All the twin pairs came in for physical examinations, and the results were pretty much what you’d expect

Wednesday, December 21st, 2022

Researchers in Finland looked at 17 pairs of identical twins who didn’t have similar exercise habits:

The first thing to note is just how unusual such twin pairs are. The twins in the study were drawn from two previous Finnish twin studies that included thousands of pairs of identical twins. The vast majority of them had similar levels of physical activity. The High Runner mouse line that’s often used in lab studies took mice that loved to run, bred them with each other, and produced mice that love to run even more. I’d like to think that human behavior (and mating patterns) are a little more complex than that, but the twin data certainly suggests that our genes influence our predilection for movement.

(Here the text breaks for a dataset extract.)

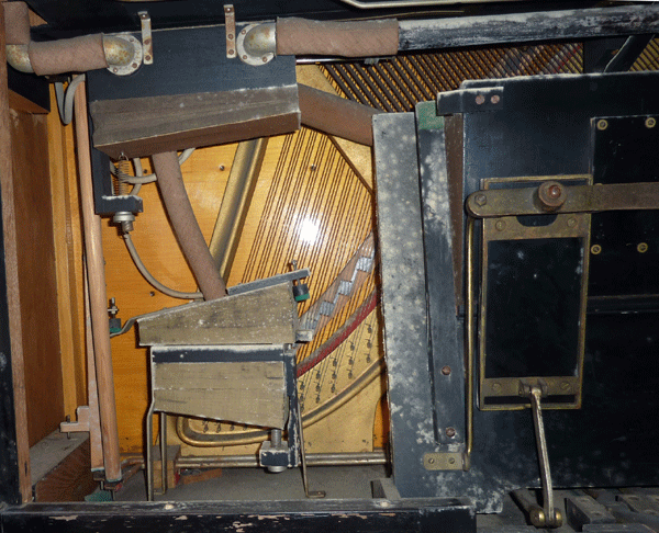 Many instruments were damaged or no longer properly operational after the heyday of the pianola, and especially during the wars. Most self-playing mechanisms were removed from the pianolas. The first step should therefore be to make sure whether the complete self-playing mechanism is still present. It often happened that only the top installation was removed on the fly - or only the bottom installation.

Still, they found these 17 pairs whose paths had diverged. There were two different subgroups: young twins in their thirties whose exercise habits had diverged for at least three years, and older twins in their fifties to seventies whose habits had diverged for at least 30 years. On average, the exercising twins got about three times as much physical activity, including active commuting, as the non-exercising ones: 6.1 MET-hours per day compared to 2.0 MET-hours per day. For context, running at a ten-minute-mile pace for half an hour consumes about 5 MET-hours.

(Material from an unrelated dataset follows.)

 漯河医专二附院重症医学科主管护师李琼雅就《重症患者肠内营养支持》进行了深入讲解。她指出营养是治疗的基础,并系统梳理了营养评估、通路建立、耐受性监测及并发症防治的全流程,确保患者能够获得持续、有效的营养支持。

All the twin pairs came in for physical examinations, and the results were pretty much what you’d expect. The exercising twins had higher VO2 max (38.6 vs. 33.0 ml/kg/min), smaller waist circumference (34.8 vs. 36.3 inches), lower body fat (19.7 vs. 22.6 percent), significantly less abdominal fat and liver fat, and so on.

[…]

A 2018 case study from researchers at California State University Fullerton looked at a single identical twin pair, then aged 52. One was a marathoner and triathlete who had logged almost 40,000 miles of running between 1993 and 2015. The other was a truck driver who didn’t exercise. In this case, the exercising twin weighed 22 pounds less, and his resting heart rate was 30 percent lower. Most fascinatingly, muscle biopsies showed that the marathoner had 94 percent slow-twitch fibers while the truck-driver had just 40 percent slow-twitch. No one before or since (as far as I know) has shown such a dramatic change in muscle properties.

Comments

  1. Gavin Longmuir says:

    “The twins in the study were drawn from two previous Finnish twin studies that included thousands of pairs of identical twins.”

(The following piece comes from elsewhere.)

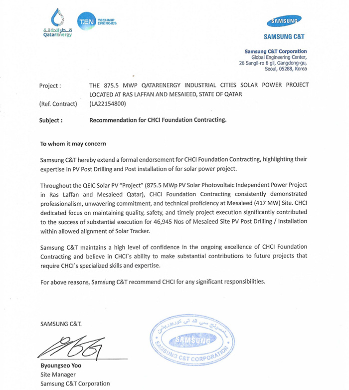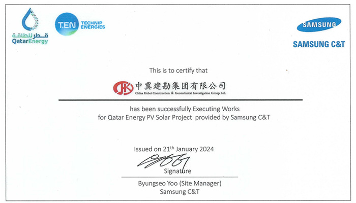 我公司收到卡塔爾能源875.5MW光伏發(fā)電項目業(yè)主方卡塔爾能源和總包方三星C&T公司聯(lián)合頒發(fā)的獎杯和推薦信。業(yè)主及總包方高度認可我公司項目履約能力,贊揚我司對該項目成功交付做出重大貢獻,表示愿意與我司建立長期合作關系?;谖宜咀吭降穆募s表現(xiàn),三星C&T公司授予我司推薦信。

    Population of Finland is only about 5.5 Million people. Considering how seldom one comes across identical twins in daily life outside Finland, the rational observer has to say — What?

  2. Isegoria says:

    “Monozygotic twinning occurs in birthing at a rate of about 3 in every 1000 deliveries worldwide (about 0.3% of the world population),” according to Wikipedia, so millions of Finns should yield thousands of twins.

  3. Jim says:

    Very interesting.

  4. Gwern says:

    Scandinavian countries like Finland usually have a proper population register, so it is easy to find all the twins (fraternal or identical) and collect data. You don’t need to call them back in for stuff like income or medical records because you just look them up using the register, you get IQ and personality and some other things for the men from the draft examinations, and so on. That’s why they do such amazing public health and economic research. Their real limit is simply that they are so small, so for rare things like twinning, the sample size can still wind up unfortunately small (adequate for normal analyses like heritability of exercise behavior or BMI, but then when you look for discordant twin pairs specifically, you may be underpowered). You can accumulate cohorts over time, but of course that causes problems of its own if you aren’t interested in the temporal trends.

  5. Gavin Longmuir says:

    Isegoria wrote: “according to Wikipedia”

    Wikipedia? Let’s be serious!

  6. Jim says:

    Gwern is truly a national treasure.